__Exercise directions__. Only the stretch below from the line holding "Gold Over Silver" through the line holding "Auditamos procesos, prototipamos" should be restated, word for word and with both ends included; pictures stay out.

__Dataset content__.
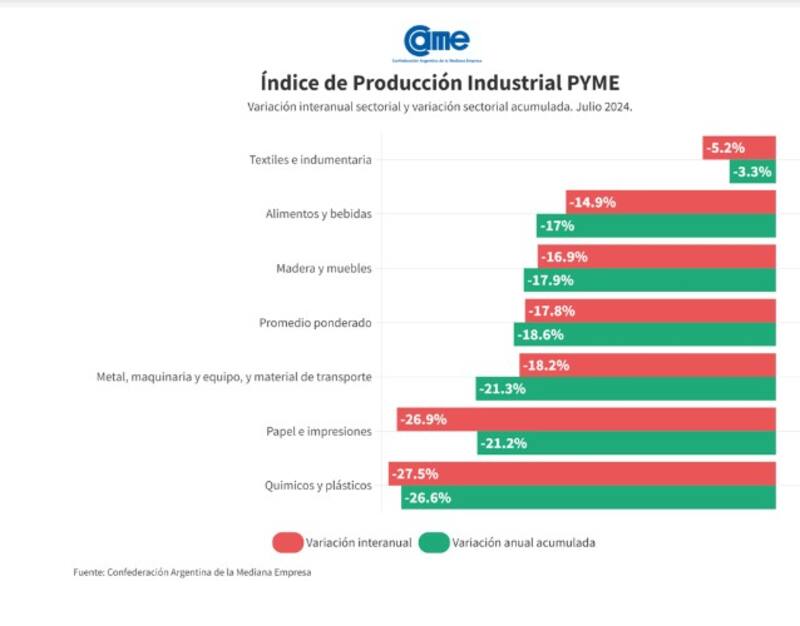 La producción manufacturera de las pequeñas y medianas empresas (pymes) sufrió una contracción del 17,8% en julio en comparación con el mismo mes del año anterior, según un relevamiento de la Confederación Argentina de la Mediana Empresa (CAME). Con este resultado, el sector acumula una baja del 18,6% en los primeros siete meses de 2024 frente al mismo período de 2023.
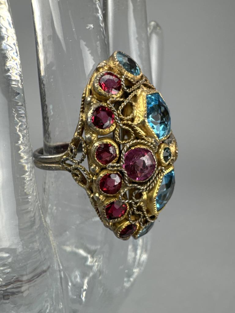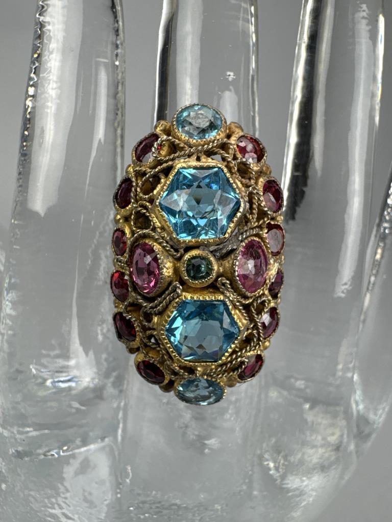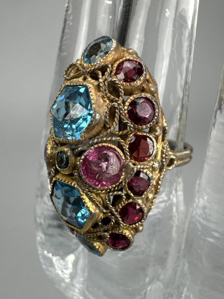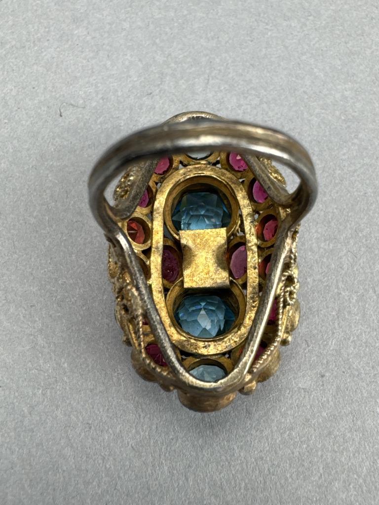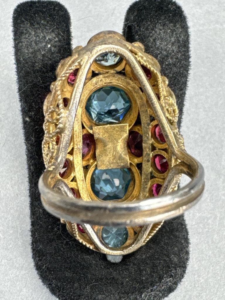 Gold Over Silver Red Pink Blue Glass Cluster Ring
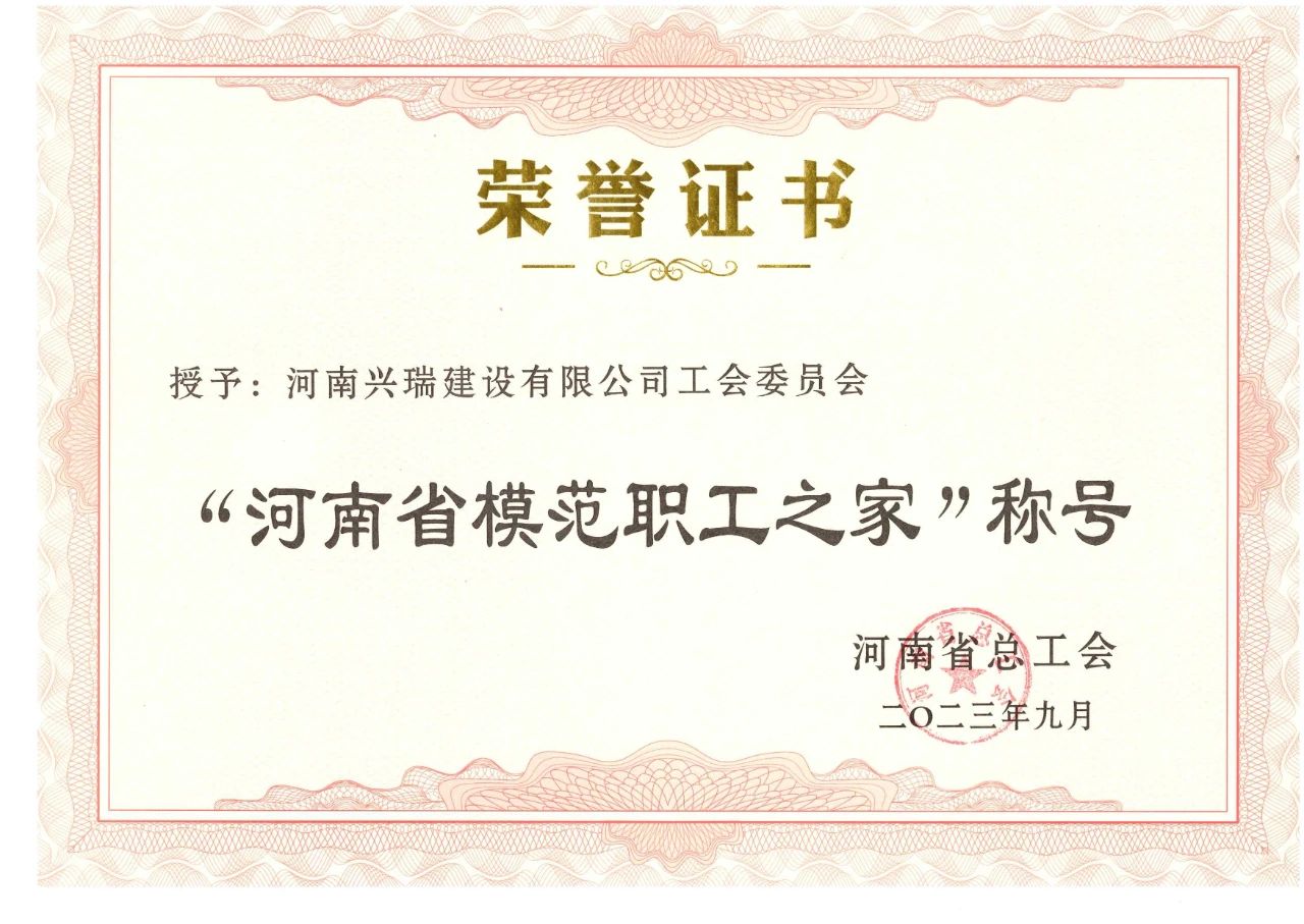 2023年9月11日,河南省總工會(huì)下發(fā)了《河南省總工會(huì)關(guān)于命名河南省模范職工之家、河南省模范職工小家、河南省優(yōu) 秀工會(huì)工作者、河南省優(yōu) 秀工會(huì)積極分子、河南省優(yōu) 秀工會(huì)之友的決定》(豫工發(fā)【2023】7號(hào))。河南興瑞建設(shè)有限公司工會(huì)委員會(huì)榮獲“河南省模范職工之家”榮譽(yù)稱號(hào)。
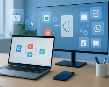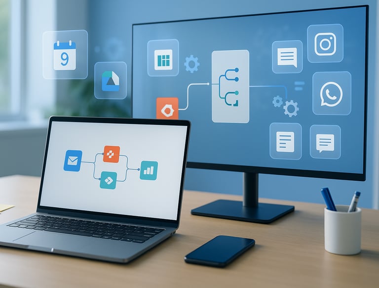 Auditamos procesos, prototipamos en días y desplegamos integraciones (Gmail, Sheets, Instagram, CRM) con KPIs y documentación.
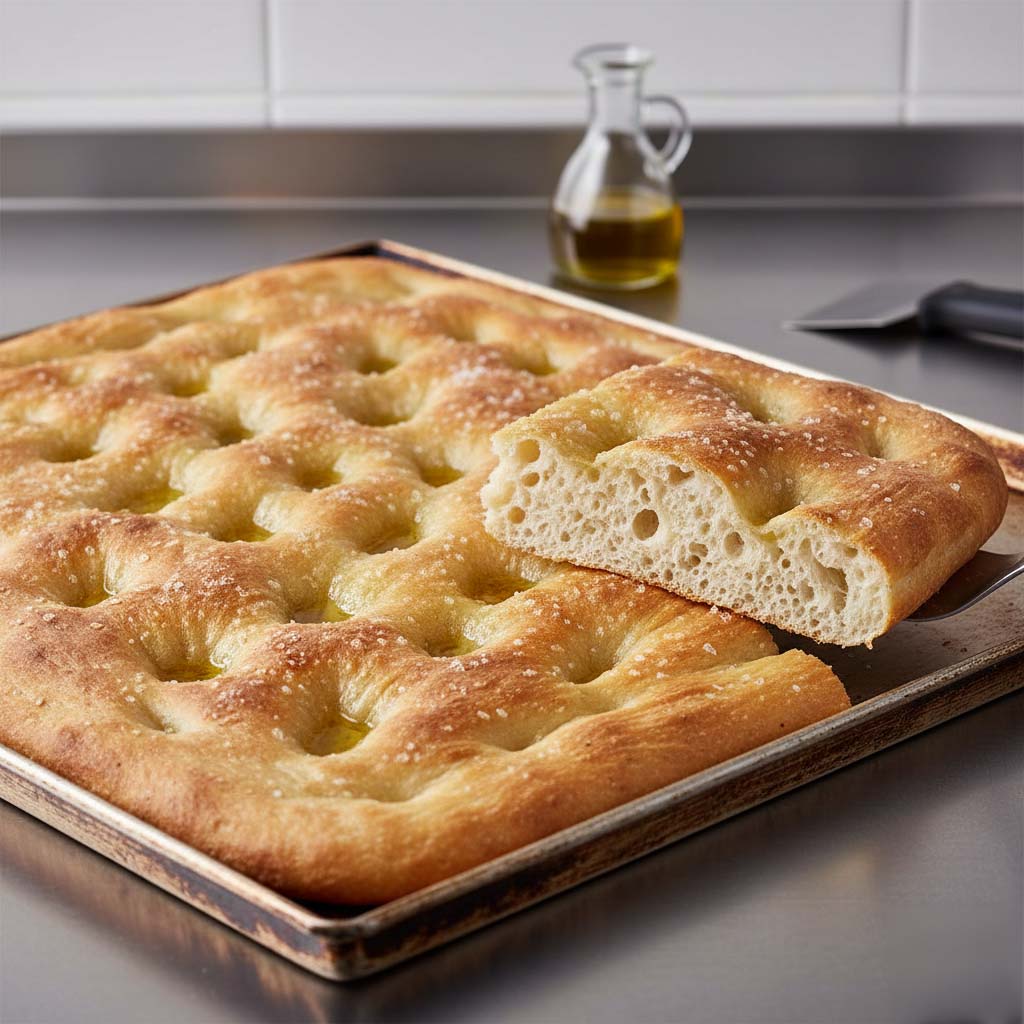 Impastare tutti gli ingredienti, tranne il lievito, per 4’ a bassa velocità, quindi aggiungere il lievito e impastare per altri 6’ ad alta velocità, fino ad ottenere un impasto uniforme. Formare pastoni da 1200 g. Far riposare a T ambiente per 20/30’, senza coprire. Stendere l’impasto su teglie 60×40 cm precedentemente unte. Guarnire a piacere, spennellare con olio e salare la superficie. Far lievitare in cella a 30°C e 75% U.R. per 60/90’. Cuocere a 210°C per 25’, dando vapore iniziale.

__Response to this task__.
 Gold Over Silver Red Pink Blue Glass Cluster Ring
 2023年9月11日,河南省總工會(huì)下發(fā)了《河南省總工會(huì)關(guān)于命名河南省模范職工之家、河南省模范職工小家、河南省優(yōu) 秀工會(huì)工作者、河南省優(yōu) 秀工會(huì)積極分子、河南省優(yōu) 秀工會(huì)之友的決定》(豫工發(fā)【2023】7號(hào))。河南興瑞建設(shè)有限公司工會(huì)委員會(huì)榮獲“河南省模范職工之家”榮譽(yù)稱號(hào)。
 Auditamos procesos, prototipamos en días y desplegamos integraciones (Gmail, Sheets, Instagram, CRM) con KPIs y documentación.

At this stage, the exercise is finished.